Wed Feb 16 12:59:16 UTC 2011
David Sommerseth <dazo at users.sourceforge.net>

On 16/02/11 13:28, James Bensley wrote:
> Hi List,
> 
> We have a CentOS VPS running a web site in a DC far away. The chap that
> dev's this site told me he couldn't SFTP in yesterday, his password was
> being rejected (I went to his desk to confirm and saw it was telling him
> the password was incorrect but neither him nor me had changed it and we are
> the only two with access to this VPS). So I logged in as root and reset his
> password, be he still couldn't log in (same problem, claiming the password
> was wrong).
> 
> [root at server ~]# passwd webdevuser
> Changing password for user webdevuser.
> New UNIX password:
> Retype new UNIX password:
> passwd: all authentication tokens updates successfully.
> 
> I tried to SSH in as the web dev user and it wouldn't let me in.
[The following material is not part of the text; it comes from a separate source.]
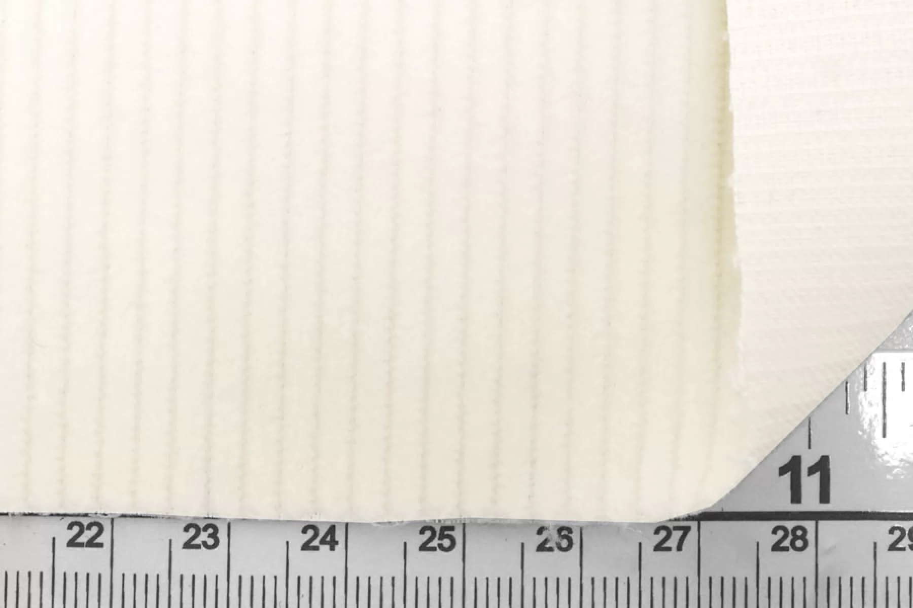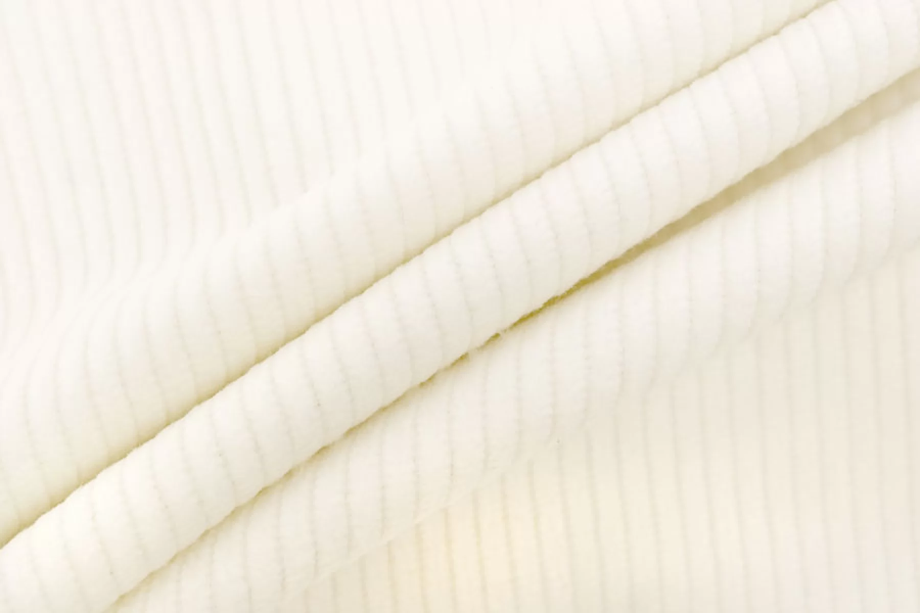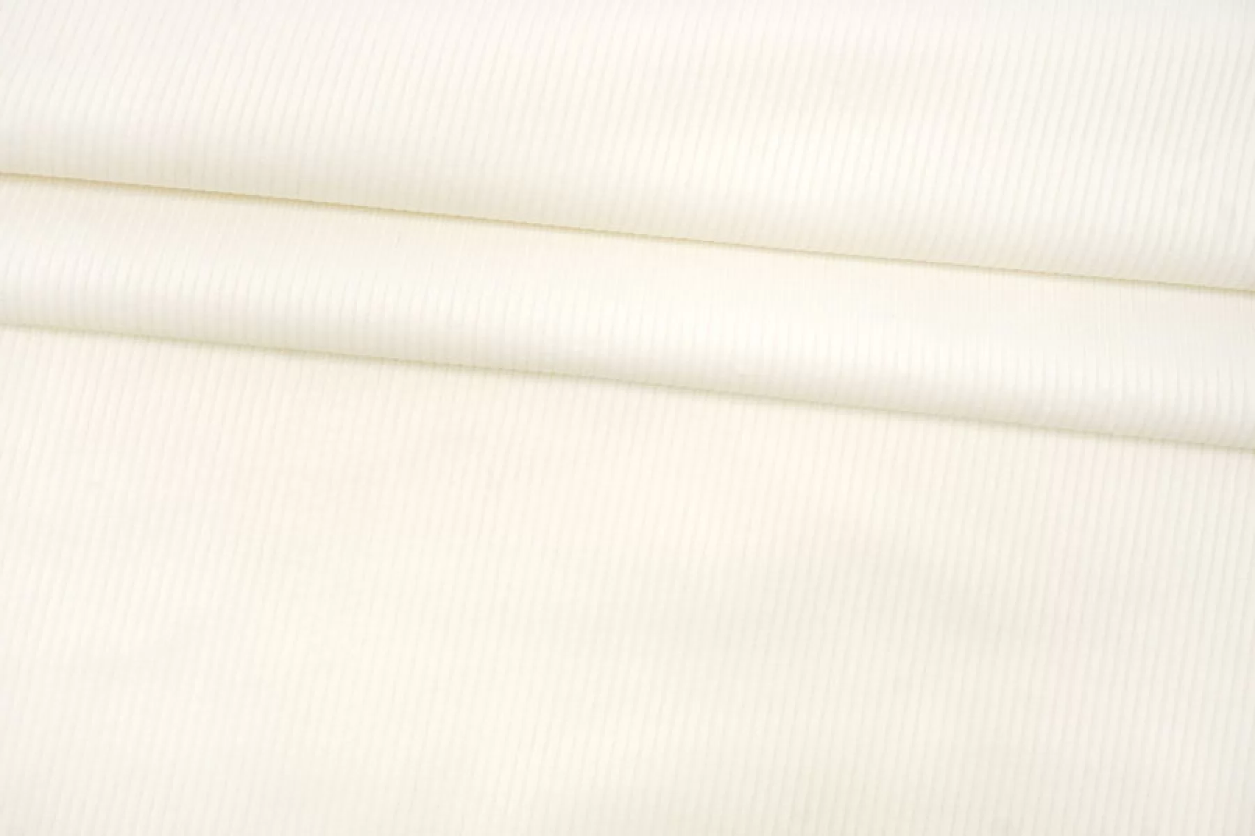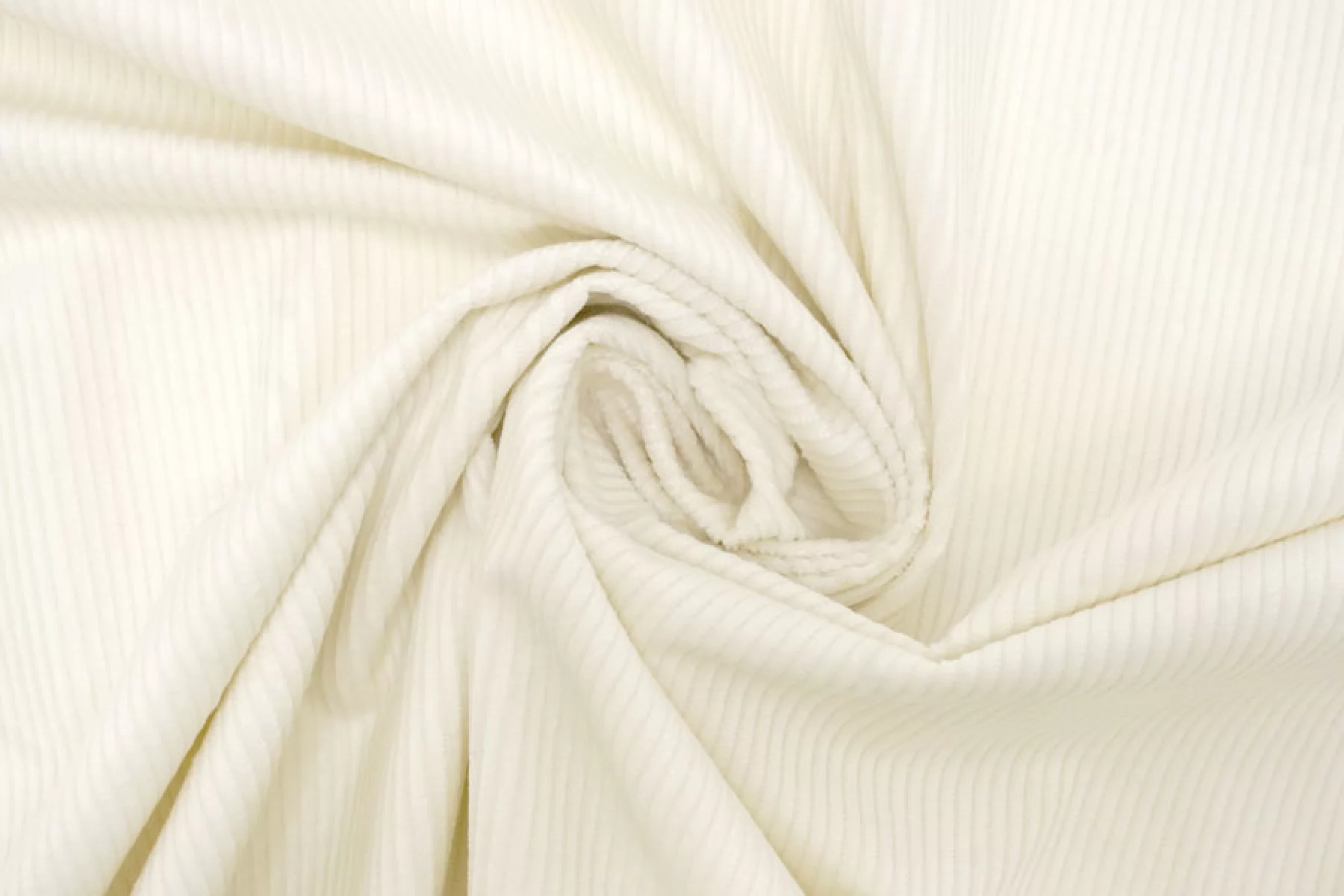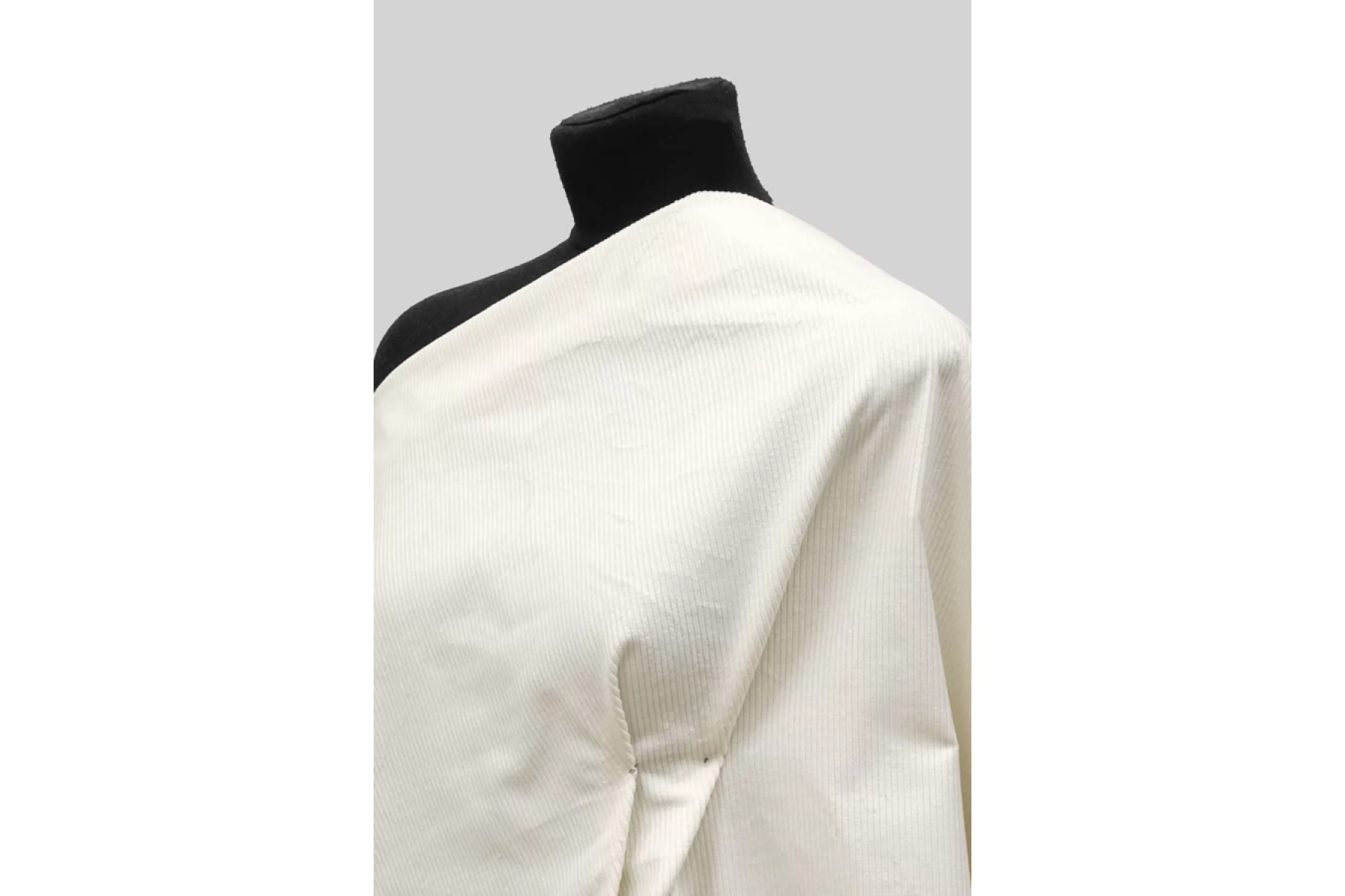 Хлопковый вельвет молочного цвета. Ширина рубчиков ~3 мм. Приятный и мягкий тактильно, тянется. Пластичный. Практически не мнется. Хорошо драпируется. Отличный вариант для пошива платья, шорт, юбки и жакета мягкой формы, теплой рубашки.

Returning
> back to my root console window;
> 
> [root at server ~]# su - webdevuser
> [webdevuser at server ~]# passwd
> Changing password for user webdevuser.
> Changing password for webdevuser.
> (current) UNIX password:
> passwd: Authentication token manipulation error
> 
> Firstly; I am stracthing my head as to why his password was no longer
> working in the first place?
> 
> Secondly; Why I can't reset it?
> 
> Googling around many people suggest there is a discrepancy between the
> /etc/passwd and /etc/shadow files and by deleting /etc/shadow and using
> pwconv to recreate shadow and the same for /etc/groups, deleting gshadow
> recreating it with grpconv will solve the problem but I still can't login
> as the web dev user.
> 
> Any ideas anyone?

- Could the account have become locked somehow?  (passwd -u $user)  Or
could the account have become expired?

- Are the permissions strict on the users ~/.ssh?  (0700 on the directory,
and 0600 on any files inside that directory - like authorized_keys ...)

- Is SELinux in Enforced mode and are the SELinux file context correct on
/home?  (restorecon -rv /home)


Also double check /var/log/messages, /var/log/secure and
/var/log/audit/audit.log carefully when trying to log in as that user.